Судя по всему корпусу художественных произведений Набокова и его высказываниям на данную тему, писатель склонен был признавать существование таинственного, недостижимого, индивидуального «Я», которое можно назвать «душой» и для которого возможно – или невозможно – бессмертие и жизнь вне тела. Нет свидетельств, что он считал индивидуальное сознание иллюзией, побочным эффектом мозговой активности. Таким образом, «Я» становится первым принципом во всех его произведениях. В результате идея независимого индивидуального сознания играет ключевую роль в набоковском изучении и психологии как поведения человека и его возможных объяснений, и психологии как науки, официально изучающей человеческое поведение, – науки, которая постепенно сформировалась при жизни Набокова.
Ниспровержение Фрейда
Опасливо кивнув на фрейдистский психоанализ, мы могли бы сказать, что персонажи Набокова представляют собой «клинические случаи». Хорошо известно, что Набоков всю жизнь поносил Фрейда и его наследие. Причины этой антипатии спорны: по мнению одних, Набоков опасался, что фрейдистская интерпретация разоблачит его глубочайшие эмоциональные тайны и поэтому следует разоружить ее заранее; другие полагают, что он отвергал и осмеивал редукционистские выводы фрейдистского психоанализа, сводящие всю психику к сексуальности [Elms 1989:353–368][177]. Есть и те, кто считает, что во фрейдизме Набоков видел сильнейшего культурного противника, с которым был вынужден сражаться, если хотел, чтобы его собственные, противоположные взгляды на личность и разум были приняты всерьез[178]. Точно известно одно: когда в октябре 1919 года Набоков поступил в Кембридж, фрейдистское движение как раз вовсю завоевывало мир[179].
Теория Фрейда, основанная на сексуальности, возможно, никогда не стала бы вездесущей, если бы не возникла на излете викторианской эпохи с ее подавлением телесности и особенно сексуальности (см., например, [Naiman 2006]). Несомненно, успех теории Фрейда был отчасти обусловлен ясностью и живостью изложения, плодовитостью ее автора и тем, что его клинические случаи казались на удивление знакомыми; публике, несомненно, импонировало и то, что теория четко и доступно, почти в художественной форме, и одновременно в позитивистском ключе разъясняла человеческую природу. Практическое применение метода и очевидные клинические успехи привели к культурной буре, которая к 1920 году породила дискуссионные группы, психоаналитические общества и побочные публикации – короче говоря, индустрию. Большую часть XX века «психология» в представлении широкой публики была синонимом «фрейдизма». Так что Набоков в основном направлял свое полемическое и пародическое острословие именно против этого чудища массовой культуры[180].

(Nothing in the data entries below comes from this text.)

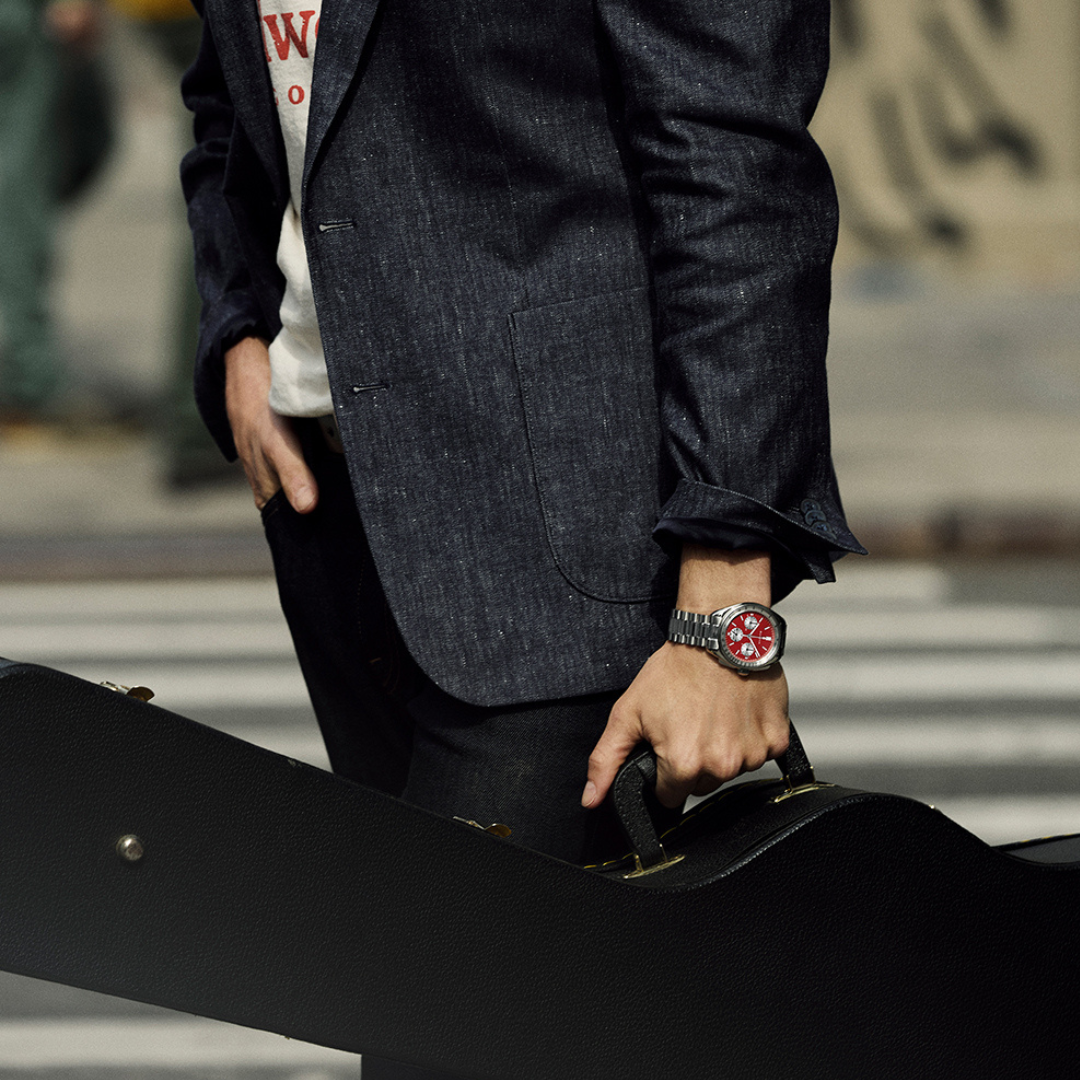 Na tle głębokiej, czerwonej tarczy znajdują się wyraziste indeksy i wskazówki, które gwarantują łatwy odczyt czasu w każdych warunkach. Detale w postaci subtelnych kontrastów kolorystycznych dodają mu charakteru i wyjątkowości. Tarcza chroniona jest przez szkło szafirowe, które cechuje się wysoką odpornością na zarysowania i zapewnia doskonałą przejrzystość. Dzięki temu zegarek długo zachowuje nieskazitelny wygląd.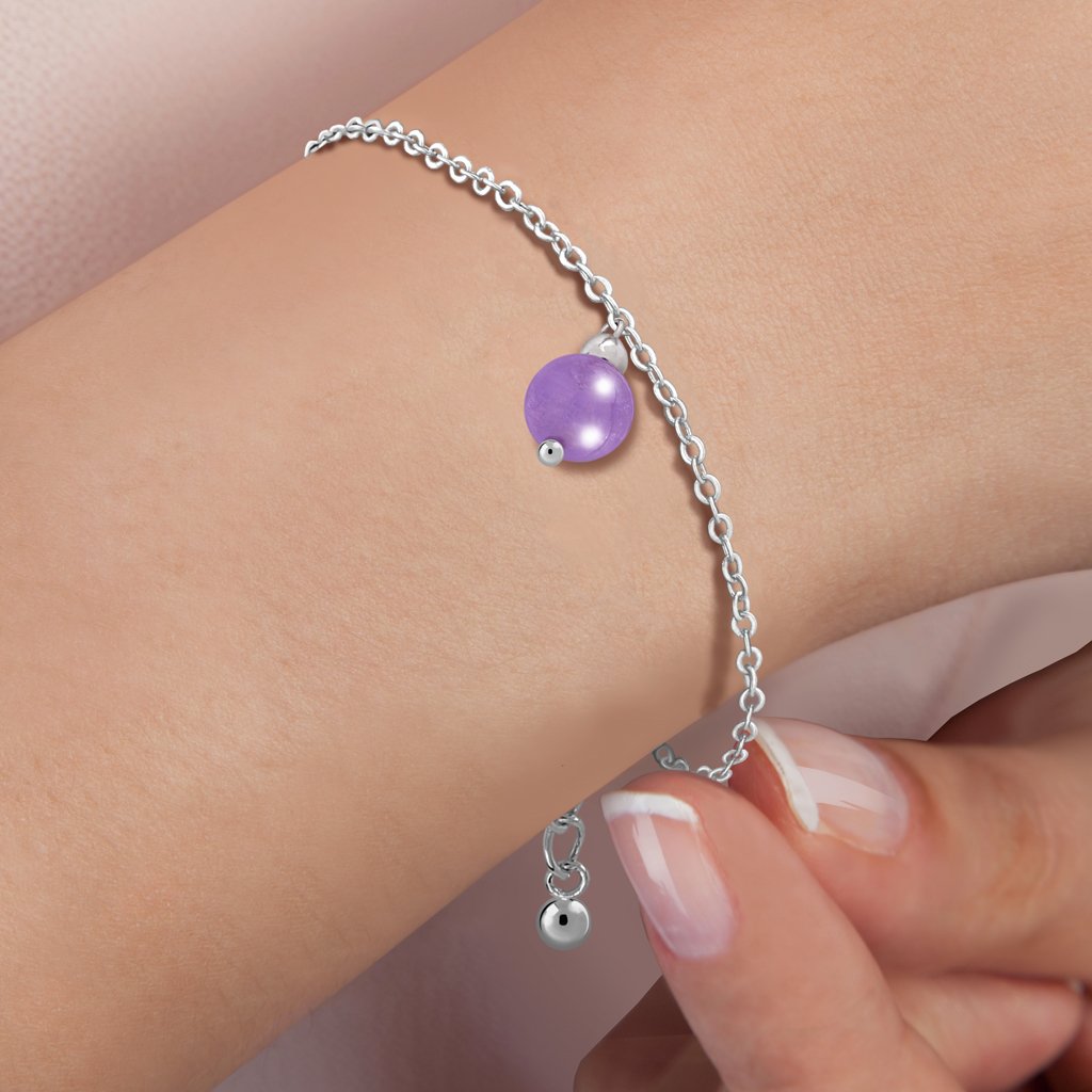 It is made of sterling silver 925. It fits 17 cm, 18 cm and 19 cm in length. The chain measures 2,2 mm thick. It is formed by an 8 mm amazonita.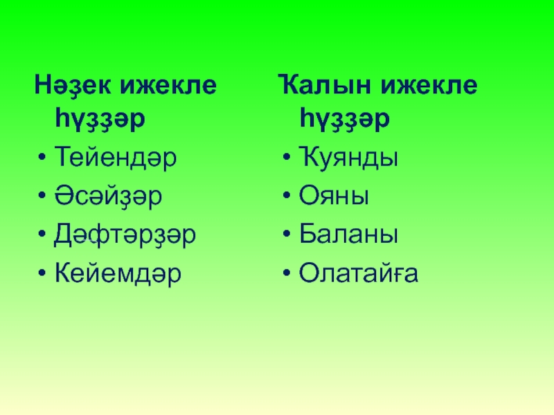 Нәҙек ижекле һүҙҙәрТейендәрӘсәйҙәрДәфтәрҙәрКейемдәрҠалын ижекле һүҙҙәрҠуяндыОяныБаланыОлатайға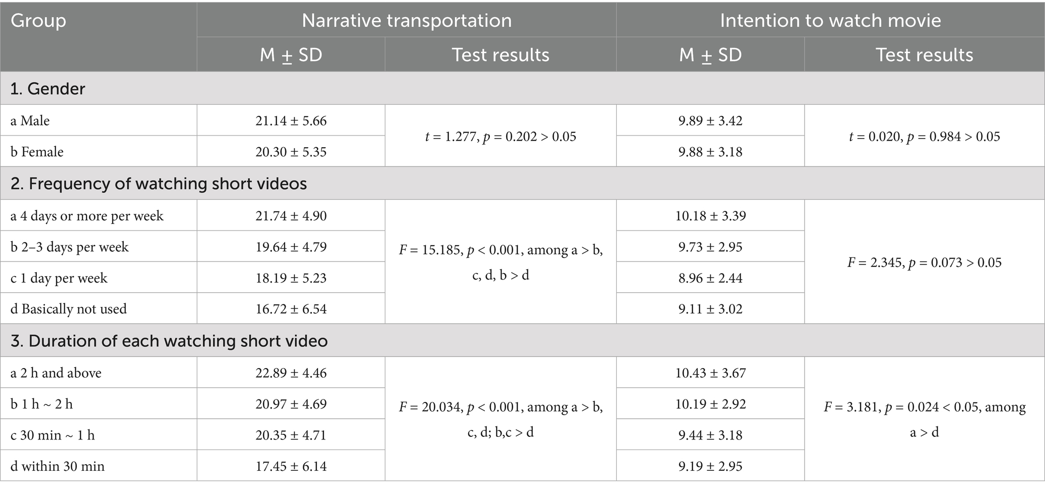 Table 5 presents the results of the difference tests for narrative transportation and intention to watch movie across gender, the average frequency of watching film-related short videos per week, and the duration of each viewing session. The key findings from Table 5 are as follows: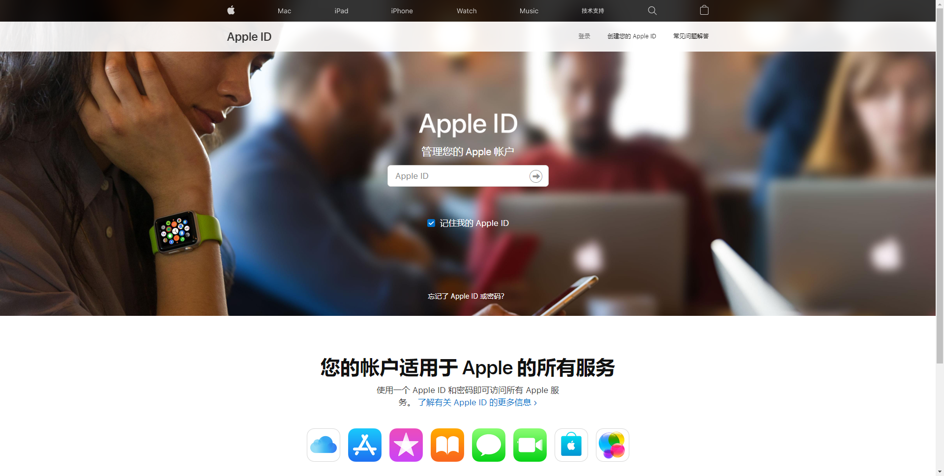 ## 1. 打开苹果官网[**点击前往苹果网站**](https://appleid.apple.com/#!&page=signin)。

В 1926 году, когда Набоков посетил доклад некоей «мадемуазель Иоффе» в кружке Татариновой – Айхенвальда, он, несомненно, был уже знаком с трудами Фрейда: перед этим он иронически отозвался о теме как о «приятной», а после назвал Фрейда «знахарем» [ПВ: 95, 97]. В 1931 году его враждебное отношение к фрейдизму вылилось в полной мере в эссе «Что всякий должен знать?», шуточно-рекламный текст, восхваляющий «патентованное средство» от любой хвори «фрейдизм для всех» [ССРП 3: 697–699][181]. В том же году Набоков приступил к работе над «Отчаянием», своим первым яростно антифрейдистским художественным произведением. Удивительно, что в 1931 году он отверг предложение Г. П. Струве написать что-нибудь о Фрейде для газеты «Россия и славянство», предположительно в связи с широко отмечавшимся 75-летием Фрейда: Набоков ответил, что на тот момент устал от этой темы[182].
Устал он или нет, тема фрейдизма в творчестве Набокова стала лейтмотивом и к тому же почти навязчиво упоминалась в авторских предисловиях к переводам его русских романов и новым редакциям англоязычных. Однако постоянное возвращение к ней само по себе еще не воплощает психологический аспект набоковского искусства – хотя, по мнению Дж. Шют, оно свидетельствовало о том, что всеобщее помешательство на Фрейде тревожило Набокова[183]. Но, скорее, битва Набокова с фрейдизмом была связана с психоаналитической концепцией символа и попытками соотнести художественные произведения с детством их авторов. Антифрейдистская полемика представляет собой идеологическую аргументацию, направленную против сведения всех человеческих поступков и патологий к сексуальным причинам – то есть к причинности в целом[184]. Она содержит предпосылки для развития иного, отличного от фрейдизма направления психологического исследования, не забывающего, что человеческий разум слишком сложен, таинствен и полон сюрпризов, чтобы определять его через единственную глубинную причину, такую как детская травма, сексуальность или потребность в продолжении рода.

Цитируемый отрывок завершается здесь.